Publications

Publication details [#35218]

Schlager, Daniela. 2021. Translators’ multipositionality, teloi and goals: the case of Harriet Martineau. In Kaindl, Klaus, Waltraud Kolb and Daniela Schlager, eds. Literary Translator Studies (Benjamins Translation Library 156). Amsterdam: John Benjamins. pp. 199–214.
Publication type
Chapter in book
Publication language
English
Source language
Target language
Person as a subject

Abstract

Harriet Martineau is primarily known as a prolific writer, social critic, early sociologist and economist in 19th-century Britain.
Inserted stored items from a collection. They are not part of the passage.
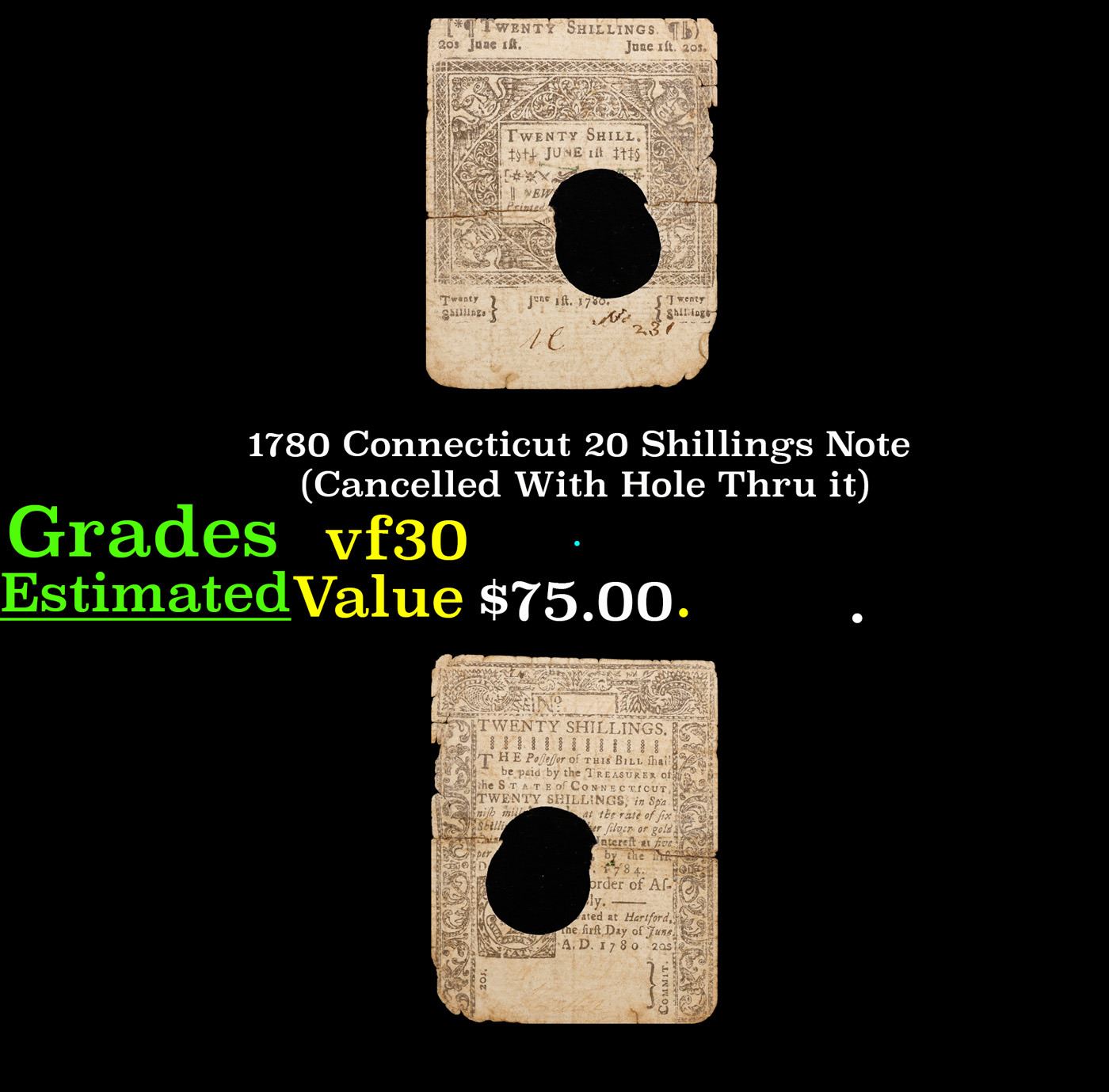 1780 Connecticut 20 Shillings Note (Cancelled With Hole Thru it) Grades vf++.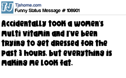 - # 188650 .I accidentally took one of my wife's One-A-Day Vitamins for Women this morning. I've been trying to get dressed for three hours but everything makes me look fat.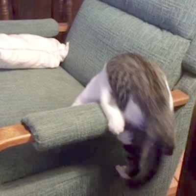 Man wearing Santa hat tries to do handstand on arms of easy chair, flips over and falls to floor. Bonehead. Christmas.
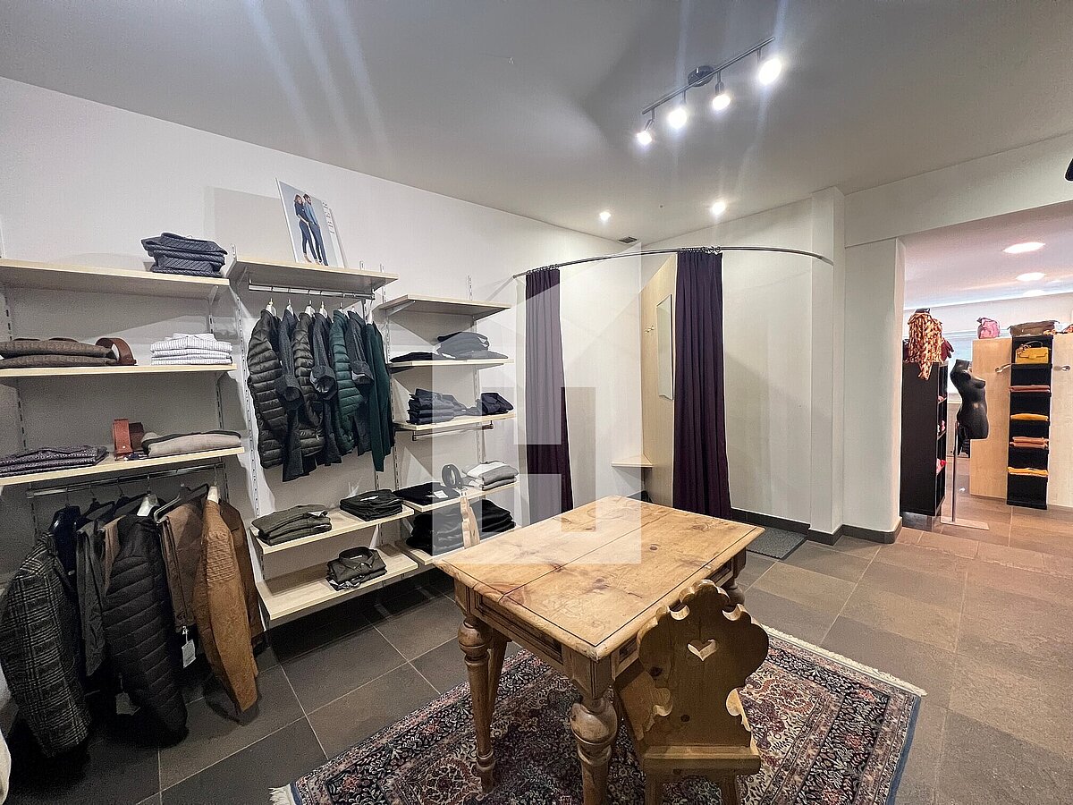 Stiamo vendendo un negozio nel centro di Termeno con molte finestre per una luce particolarmente intensa.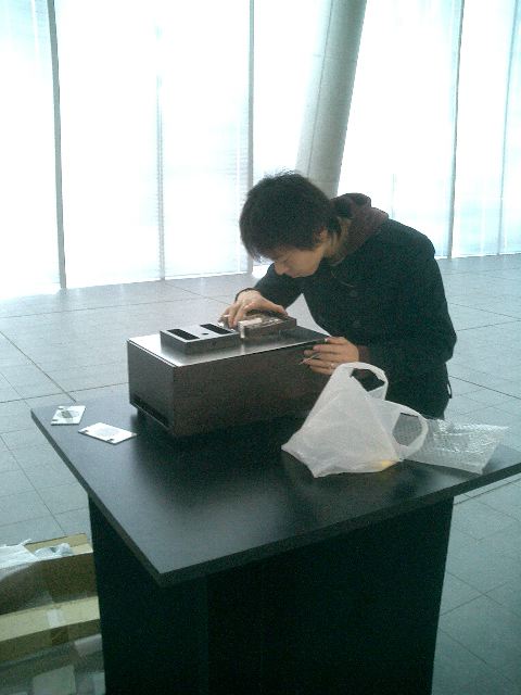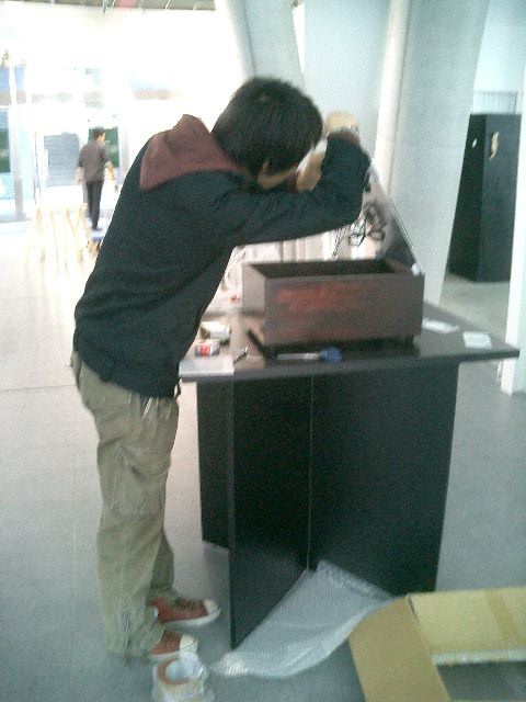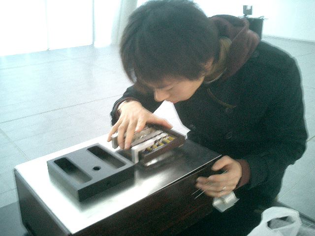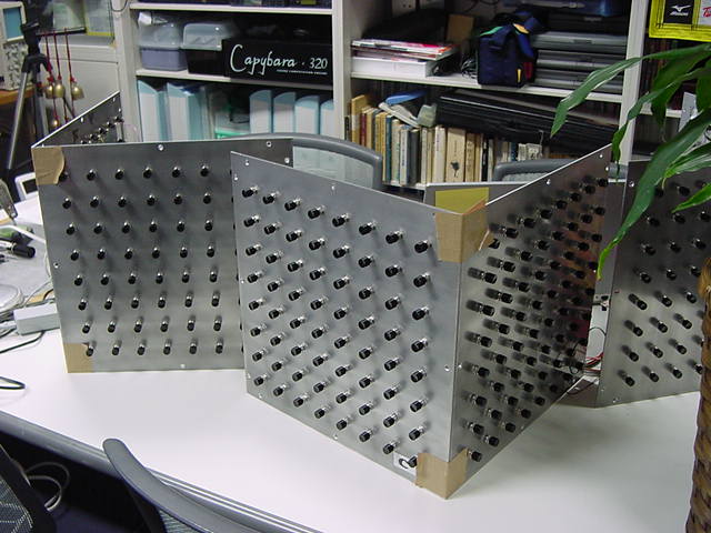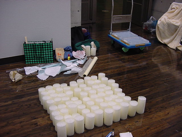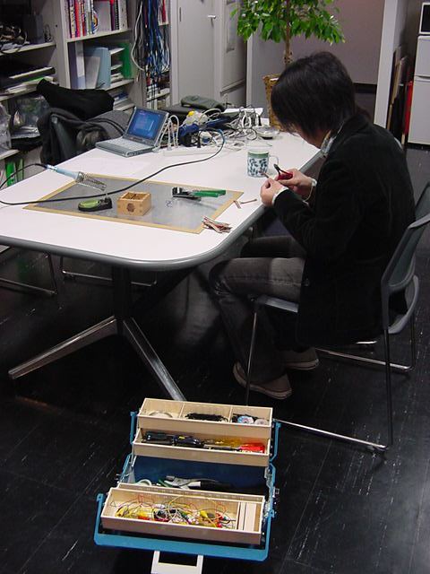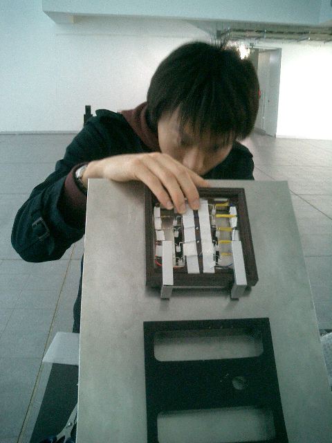 It is cubic object that welds the metal, and there are 64 switches per each six side. Six respects correspond to six kinds of musical instruments of Drum, Bass, Guitar, Synth, Piano, and SE. Creator composed 384 short loop music as a whole. People can enjoy session by pushing an arbitrary button.

She is also known as the translator of French philosopher Auguste Comte’s main work Cours de Philosophie Positive, a dimension that is underexplored and central for this paper. Comte’s work presented positivism as a new epistemological perspective and covered the already existing sciences of mathematics, astronomy, physics, chemistry and biology as well as a concept for a new social science. Martineau’s translation, which was published in 1853 as The Positive Philosophy of Auguste Comte, Freely Translated and Condensed by Harriet Martineau, was remarkable. The subject of this chapter is the extraordinary person behind this translation, or, more precisely, selected aspects of her multipositionality and teloi, as well as theoretical and methodological issues arising from them.